Единственное, чего она не знала, так это как доставить ему такое же наслаждение, какое доставил ей он. Ее тело вновь обрело энергию и жаждало любви. Будет ли он считать ее распутной, если она даст ему понять, что сгорает от нетерпения слиться с ним в любовном порыве?

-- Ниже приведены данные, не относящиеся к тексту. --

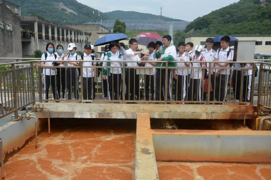 6月7日上午,泉州环境卫生管理处许景源主任引领实验中学50多名学生走进太阳成集团tyc33455cc室仔前垃圾渗滤液处理厂。

Фиона выпустила из пальцев трепещущую плоть и, встав со скамьи, погладила ладонями его грудь и плечи. Улыбнувшись про себя, она чуть придвинулась к викингу, встав так, чтобы груди ее слегка коснулись его плеча. Он застонал, потом обнял ее за талию и поцеловал – крепко, требовательно, так, что у нее подкосились ноги. Руки его скользнули ей на бедра. Фиона едва не потеряла сознание, ощутив его напряженную плоть так близко от средоточия своего желания.

Когда она уже была уверена, что не сможет вынести этой сладкой муки, Даг снова сел на скамью и усадил ее верхом на колени лицом к себе. Быстрым движением он приподнял ее тело и насадил его на свою вздыбленную плоть.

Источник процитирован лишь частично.